• **ENTRIES SHOWN**:
/---

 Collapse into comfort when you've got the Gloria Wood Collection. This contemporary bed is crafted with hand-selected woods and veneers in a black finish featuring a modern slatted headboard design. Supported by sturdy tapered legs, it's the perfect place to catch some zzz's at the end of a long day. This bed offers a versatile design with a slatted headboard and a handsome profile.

\---
/---

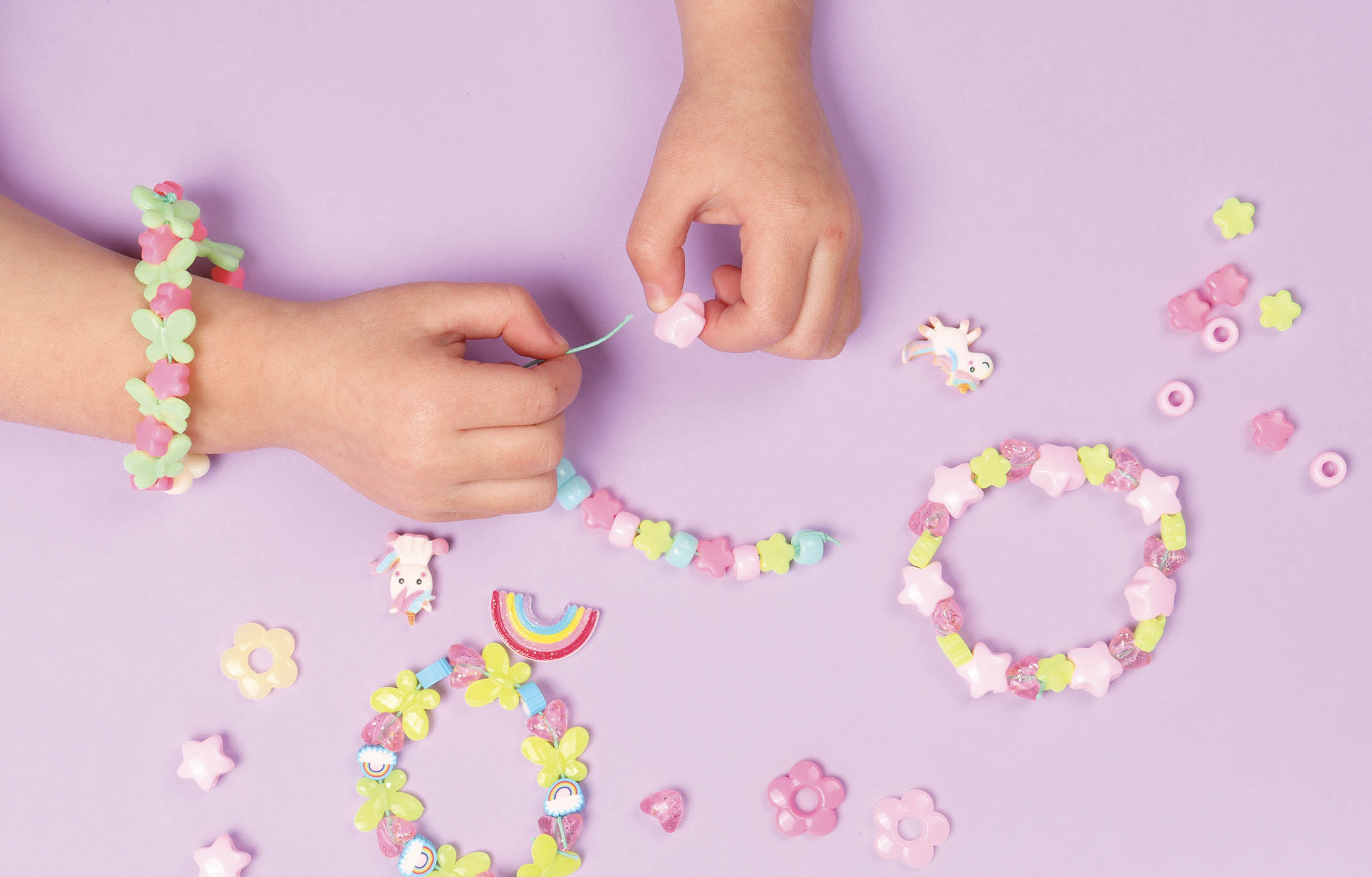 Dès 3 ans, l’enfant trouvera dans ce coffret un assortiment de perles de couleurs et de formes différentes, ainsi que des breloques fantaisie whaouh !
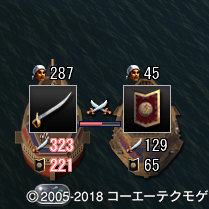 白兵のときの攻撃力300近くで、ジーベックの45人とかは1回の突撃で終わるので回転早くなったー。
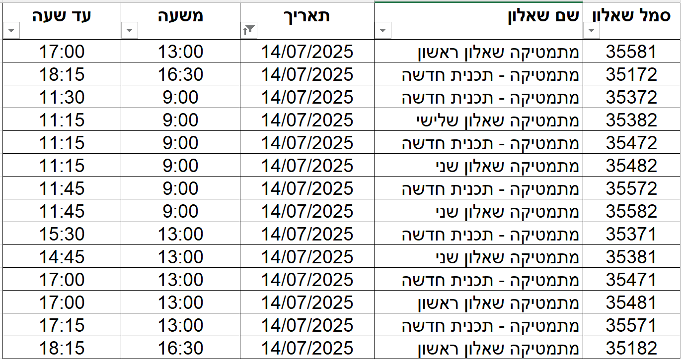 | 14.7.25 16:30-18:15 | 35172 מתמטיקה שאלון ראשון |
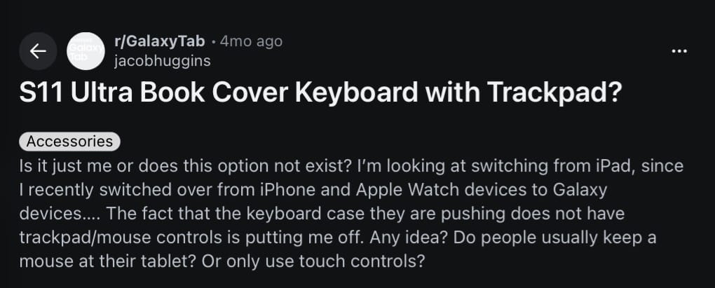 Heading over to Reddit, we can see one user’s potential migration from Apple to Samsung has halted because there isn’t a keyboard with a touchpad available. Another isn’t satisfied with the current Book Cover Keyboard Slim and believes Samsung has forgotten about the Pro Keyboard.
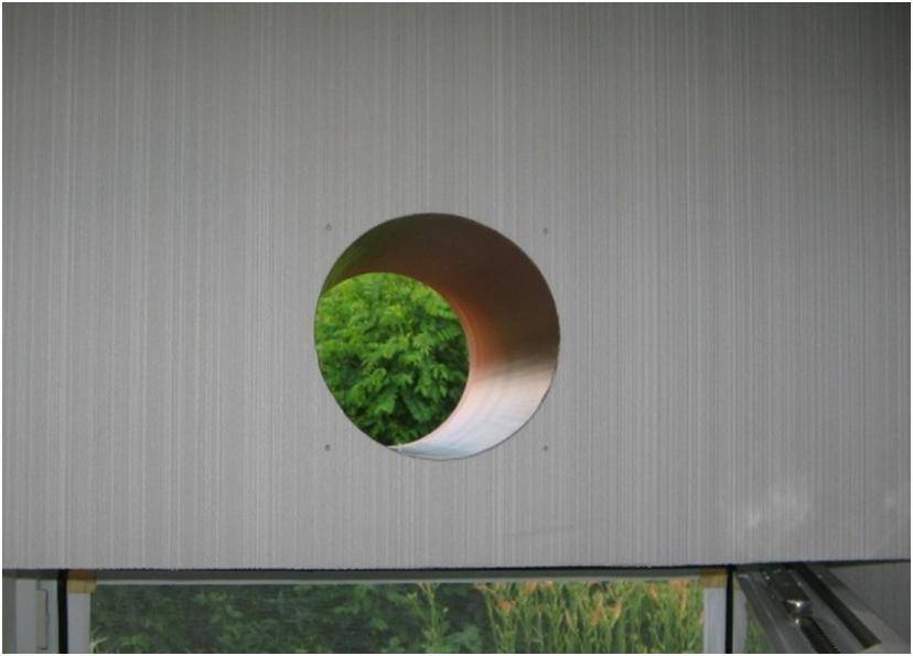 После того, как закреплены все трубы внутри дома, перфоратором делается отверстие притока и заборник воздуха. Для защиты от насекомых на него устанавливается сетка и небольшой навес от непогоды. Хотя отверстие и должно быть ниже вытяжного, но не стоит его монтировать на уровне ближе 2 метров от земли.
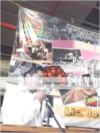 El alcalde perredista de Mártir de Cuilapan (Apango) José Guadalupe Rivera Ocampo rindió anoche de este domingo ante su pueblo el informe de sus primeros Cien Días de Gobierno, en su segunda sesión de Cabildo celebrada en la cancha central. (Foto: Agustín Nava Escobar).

\---

• **AIM OF THE TASK**: Nothing but the lines from the one containing "Heading over to" through the one containing "El alcalde perredista" should appear, copied exactly from the material above and without pictures.

• **RESULT FOR THIS EXERCISE**:
 Heading over to Reddit, we can see one user’s potential migration from Apple to Samsung has halted because there isn’t a keyboard with a touchpad available. Another isn’t satisfied with the current Book Cover Keyboard Slim and believes Samsung has forgotten about the Pro Keyboard.
 После того, как закреплены все трубы внутри дома, перфоратором делается отверстие притока и заборник воздуха. Для защиты от насекомых на него устанавливается сетка и небольшой навес от непогоды. Хотя отверстие и должно быть ниже вытяжного, но не стоит его монтировать на уровне ближе 2 метров от земли.
 El alcalde perredista de Mártir de Cuilapan (Apango) José Guadalupe Rivera Ocampo rindió anoche de este domingo ante su pueblo el informe de sus primeros Cien Días de Gobierno, en su segunda sesión de Cabildo celebrada en la cancha central. (Foto: Agustín Nava Escobar).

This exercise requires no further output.